分からなくなったこと。それは自分がどうしたいかって、ことだと思う。それで合ってるのかすらも分からない。多分、合ってると、思いたい。雄飛さんへの気持ちとかそういうのも含めて全部、自分がどうしたいのか、どうやって生きていきたいのか。正解はすぐに見つかると思っていたのに、思いのほか難しくて余裕なんか生まれるわけもなくて、気が付けば三年が経過してた。

「覚えてるか?」
「なんですか」
「お前、明日でこの町に来て四年が経つってこと」
「……あ」
「今思い出したって顔だな」
「……はは、そうなんですよねえ」
「あ?」
「そういう、ちょっとしたことも忘れてしまうくらい、私には余裕がない。のかも」

明日の夜で四年が経つんだ。自分にとって伏目の日だっていうのにこんな暗い気持ちで臨んでいいのだろうか。よくないってことは分かってるけど具体的な解決策は思い浮かばない。自分がどうしたいのか。そんなことにそもそも正解ってあるのだろうか。

「正解はな、自分で探し出すもんだぜ」
「知ってます。四年前の明日に雄飛さんからそう言われました」
「けどな」

煙が、風に乗って私の鼻を擽る。膝を抱えていた私はその慣れきってしまった匂いが、心地良いと思うところまで来てしまっている。煙草の匂い、仕草、意地悪い笑み。全部、全部、心地良い。

「ヒントならくれてやれるんだぜ」
「……っ」
「まあ、頼りたくねぇってんなら別だけどな」
「酷い。
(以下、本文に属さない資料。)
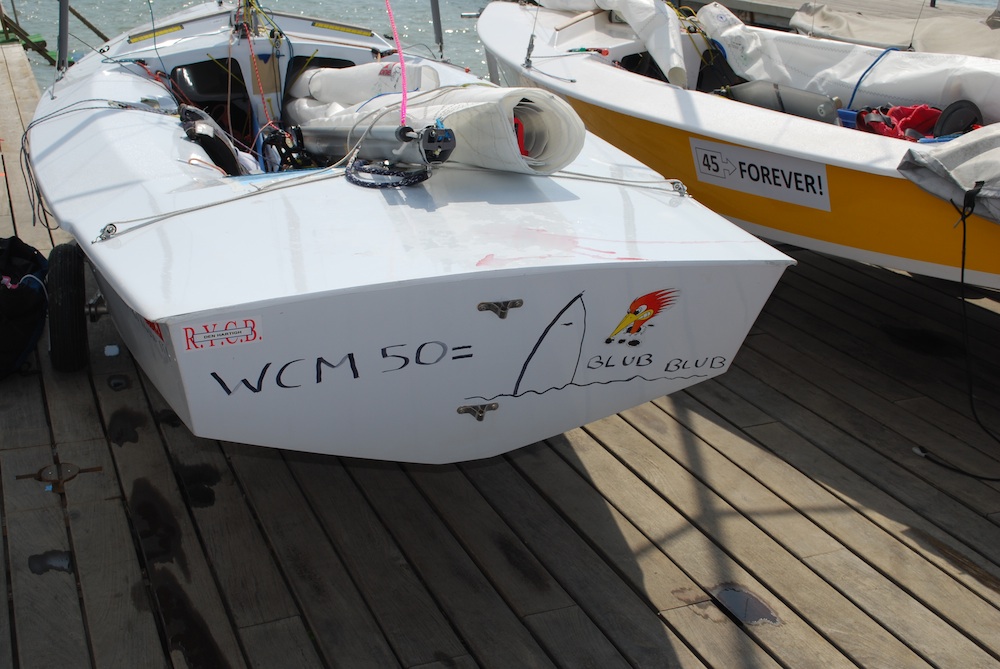 RealClubDeRegatasSantiagoDeLaRiberaThe first day of racing dawned with sunny skies and high winds, 20 knots on the deck at the club. Under postponement we took the opportunity to get the sailors together for a discussion about the class. The biggest concern was the sailors felt there is a lack of communication between the Board of SCIRA and themselves. One of the changes that has been made, that the sailors did not agree with, is the raising of the Masters age to 50. With the Belgians leading the charge, through t-shirts, bumper stickers and an inflatable doll the message was loud and clear that they felt if something is working then don’t change it. With 53 % of the sailors in the Apprentice Master category and 77 participants from 14 countries this regatta is working. To follow up with this concern, as a Board member, I have written to all Board members and expressed the sailors’ disagreement with this change and respectfully suggest they revisit the decision. Lots of other items and ideas were discussed, a summary has been forwarded to the Board, it was very productive.

甘えんなって言ったくせに」
「俺がか?いつの話だよ」
「三年前」
「ありゃ時効だ時効」
「何のですか」
「じゃあ日頃じゅりの仕事を手伝って、がむしゃらに生きる意味探して、頑張ってんだろ。そのご褒美だと思え」
「勝手……」
「ああ、神様ってのは勝手な存在だぜ。人間以上に」

スッと、グローブを嵌めた手がこちらに伸びてくる。頬を引っ張られると同時にまた一つ、強い風が吹いた。雄飛さんの纏うコートが、それになびく。

「雄飛さん、?」
「だから……勝手に救いたくなったり陥れたりしたくなんだよ」
「……」
「特に気に入ってる奴にはな」
「え、な!?」

気に入ってる奴、って!?一気に上昇した顔の温度。爆発でもするんじゃないかと疑いたくなるほど熱くなったそれを見てまた彼が意地悪く笑った。どういう意味ですか!叫びたかったのに声が上手く出ない。言葉にならない叫びってこういうことなのかな。なんて呑気に客観視していると、目の前に雄飛さんの顔が迫っていた。直視出来ないし、拒め、ない。

「ゆ、ひさん」
「くっくっく、冗談だよ。言ったろ?陥れたりしたくなる、って」

頬に宛がわれた手が、静かに離れる。心地良かったから、本当はもっとずっとそうしてて欲しかった。なんて言えないけど。やがて立ち上がった彼はビールを一気に喉に流し入れると私に背を向けて姿を消した。けど去り際に私の敏感な耳は、その声を捉える。風が優しく吹いたかと思うと、頬に横髪が当たりそのくすぐったさに私は微笑んだ。まるで、

『ま、頑張れ』



(まるで雄飛さんに頬を撫でられているみたい)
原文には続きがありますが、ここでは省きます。